_SOURCE DATA_.
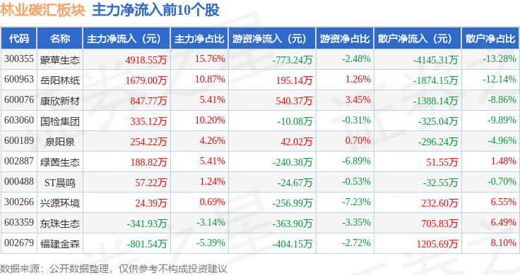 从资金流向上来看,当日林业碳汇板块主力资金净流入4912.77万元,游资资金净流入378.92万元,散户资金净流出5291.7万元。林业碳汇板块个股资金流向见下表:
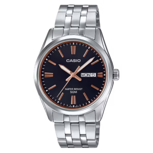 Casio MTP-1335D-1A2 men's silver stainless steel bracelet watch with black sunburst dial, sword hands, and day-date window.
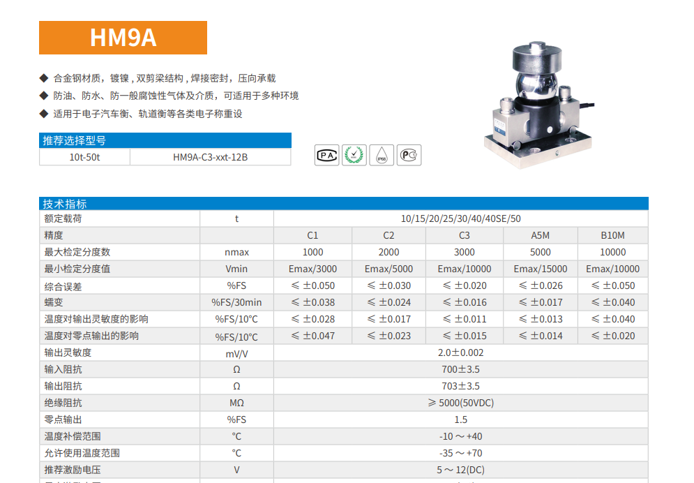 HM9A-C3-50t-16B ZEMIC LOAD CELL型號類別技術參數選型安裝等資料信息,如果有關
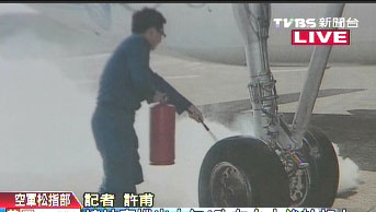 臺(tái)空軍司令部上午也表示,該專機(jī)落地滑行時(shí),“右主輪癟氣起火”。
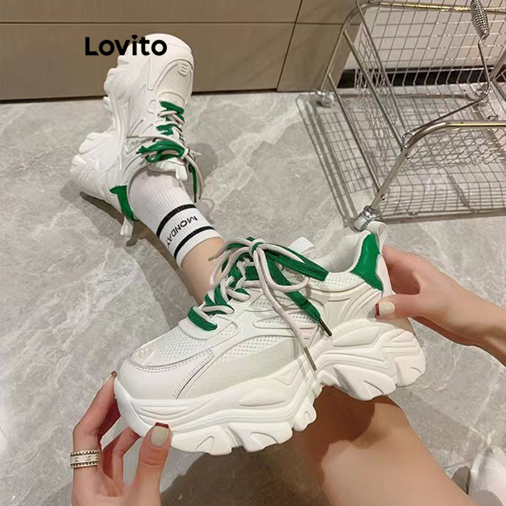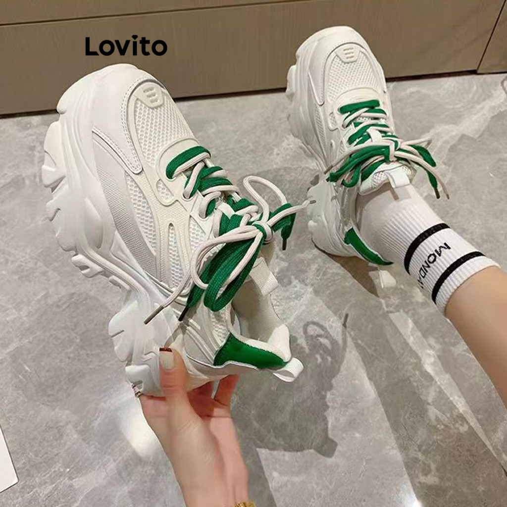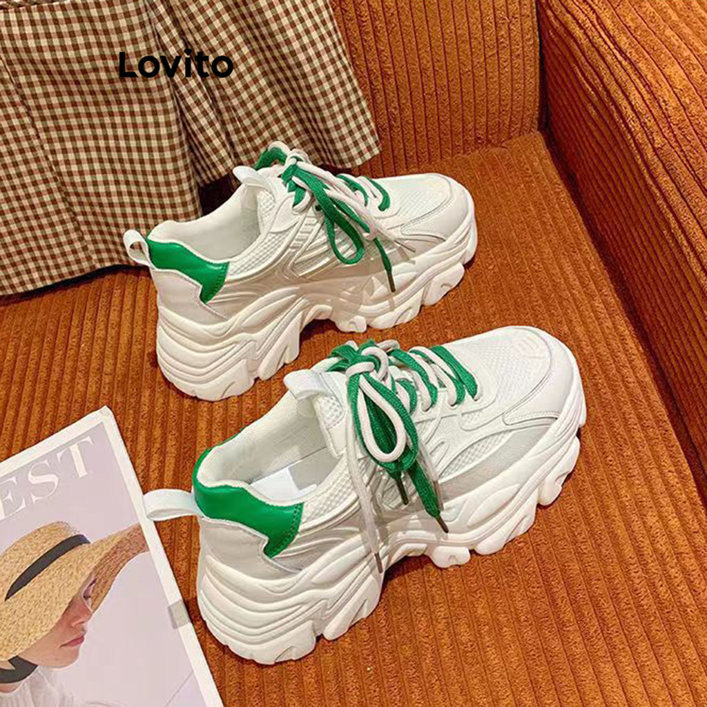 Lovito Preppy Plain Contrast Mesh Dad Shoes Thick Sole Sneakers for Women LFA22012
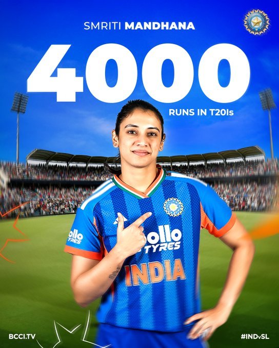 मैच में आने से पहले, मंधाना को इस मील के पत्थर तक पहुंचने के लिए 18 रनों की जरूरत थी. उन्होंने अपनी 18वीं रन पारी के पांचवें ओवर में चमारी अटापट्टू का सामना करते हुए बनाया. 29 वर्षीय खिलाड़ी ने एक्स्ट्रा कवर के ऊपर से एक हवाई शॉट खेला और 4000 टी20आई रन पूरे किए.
---
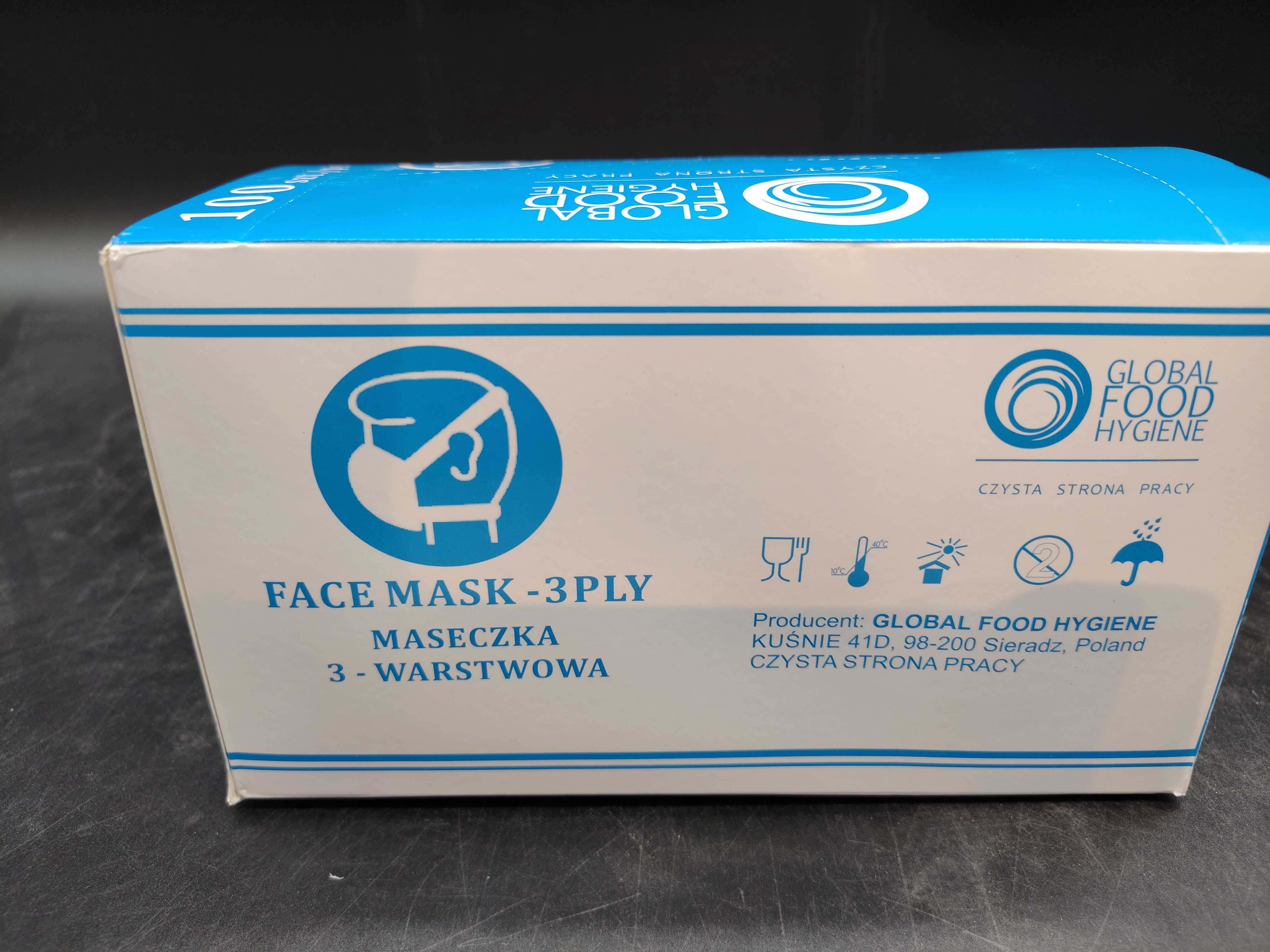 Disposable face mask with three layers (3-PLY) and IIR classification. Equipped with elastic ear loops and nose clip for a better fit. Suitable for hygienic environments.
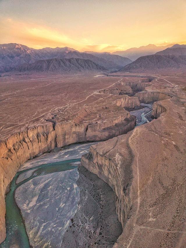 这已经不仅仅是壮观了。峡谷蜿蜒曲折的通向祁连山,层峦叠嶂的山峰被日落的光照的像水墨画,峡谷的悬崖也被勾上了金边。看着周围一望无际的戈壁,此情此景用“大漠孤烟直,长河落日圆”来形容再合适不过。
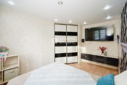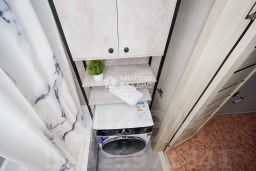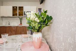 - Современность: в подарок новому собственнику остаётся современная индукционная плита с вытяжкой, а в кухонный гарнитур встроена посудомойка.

_ASSIGNED TASK_. Word for word, repeat the lines above from the one with "臺(tái)空軍司令部上午也" through the one with "मैच में आने", and nothing beyond them. Omit the pictures.

_RESULT FOR THIS EXERCISE_.
 臺(tái)空軍司令部上午也表示,該專機(jī)落地滑行時(shí),“右主輪癟氣起火”。
 Lovito Preppy Plain Contrast Mesh Dad Shoes Thick Sole Sneakers for Women LFA22012
 मैच में आने से पहले, मंधाना को इस मील के पत्थर तक पहुंचने के लिए 18 रनों की जरूरत थी. उन्होंने अपनी 18वीं रन पारी के पांचवें ओवर में चमारी अटापट्टू का सामना करते हुए बनाया. 29 वर्षीय खिलाड़ी ने एक्स्ट्रा कवर के ऊपर से एक हवाई शॉट खेला और 4000 टी20आई रन पूरे किए.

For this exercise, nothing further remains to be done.